Why do muscles stop growing when we are nervous?
When we are nervous, the adrenal glands secrete cortisol, the stress hormone. It helps mobilize energy and direct it to vital processes. From a survival standpoint, this is useful: the body gets quick access to glucose, increases the heart rate, and suppresses processes that are not important at the moment. But for muscle growth, this is a critical factor.
To quickly obtain amino acids, the body begins to break down protein, primarily muscle protein. At the same time, cortisol inhibits the synthesis of new protein, reduces testosterone and growth hormone levels, increases inflammation, and interferes with normal sleep. All this prevents muscle growth, and with prolonged stress, muscles begin to shrink altogether.
How to change your lifestyle so that your muscles start growing again?

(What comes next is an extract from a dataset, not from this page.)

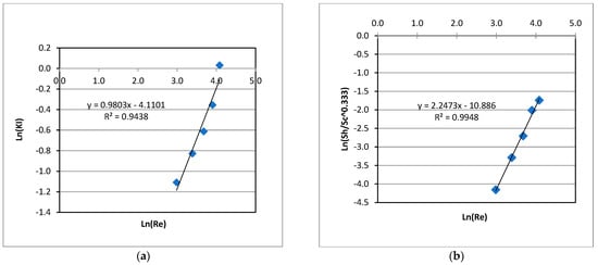 The benefit of the correlation of KI with Re in Equation (5) is that it can be used to estimate the first-order rate constant for a batch La(III) adsorption system at varied RPMs, which is not necessary to be the same as those in the present study, as long as it is operated at a Reynolds number within the range of the Reynolds numbers used in the experiments to generate data for this correlation. It is important to note that when comparisons are made among results from various reports in the literature, they should be under a similar fluid dynamic condition, i.e., the Reynolds number, which dictates the mass transfer rate of the adsorbate from liquid to solid adsorbent, and, hence, affects the adsorption rate. The same RPM may not translate to the same Reynolds number and the fluid dynamic condition if the shaking stroke and the adsorbent particle size are much different. Consequently, the comparisons may not be precise and appropriate.

To avoid this vicious circle, it is important to build a lifestyle so that the body gets enough time and resources to recover. This is what is important to pay attention to.
- Healthy sleep. You need to sleep seven to nine hours in complete darkness, preferably going to bed and getting up at the same time. An hour before bed, you should give up gadgets: the light from screens suppresses the production of melatonin, which means it disrupts falling asleep and the depth of sleep.
- The right training regime. You shouldn’t work “to the point of exhaustion” every day. It’s best to alternate strength and recovery days, include stretching, yoga or light cardio in the program. This helps maintain tone, but not overload the nervous system and muscles.
- Nutrition. Muscles will not grow without sufficient protein, but other elements are also important: magnesium reduces the excitability of the nervous system, omega-3 fatty acids reduce inflammation, vitamin D is involved in the production of hormones. Try to get as many nutrients from food as possible. You should resort to the use of dietary supplements only after consulting a doctor.
- Mental hygiene. It is necessary to limit the flow of news and time on social networks, minimize communication with toxic people. It is useful to introduce small “islands of silence” during the day: a walk without a phone, reading, breathing exercises.
- Tracking your condition. Even without special gadgets, you can assess the level of recovery by the quality of sleep, morning well-being, desire to train and overall tone.
5 Tips for Those Who Are Stressed
Of course, it is very difficult to completely avoid stress. There are situations when it is completely impossible to remain calm. If stress does overtake you, it is important to quickly switch your body to recovery mode.
- Breathing practices. For example, the 4-7-8 method (inhale for four seconds, hold your breath for seven seconds, and exhale for eight seconds) or “square” breathing (each breathing phase lasts four seconds). These exercises reduce cortisol levels and calm the nervous system.
- Light physical activity. Walking, stretching, yoga or swimming – all of these help relieve muscle tension. This activity will be even more beneficial if you do it in a quiet and calm place.
- Meditation or mindfulness. Such practices give the brain the opportunity to “reboot”. One of the short practices that allows you to feel yourself in the moment and let go of anxiety is “5-4-3-2-1”. You need to name five objects that you see, four sounds that you hear, three smells that you feel, two tactile sensations and one taste.
- A warm shower or bath. Relaxes muscles and activates the parasympathetic system.
- Communication. Pleasant communication triggers the production of oxytocin, which naturally reduces stress levels.
Muscle growth is a balance between stress and recovery. You can train according to the best program and eat according to the ideal diet, but without stress control there will be no progress. The ability to slow down in time and let the body recover is the same training, only for the nervous system.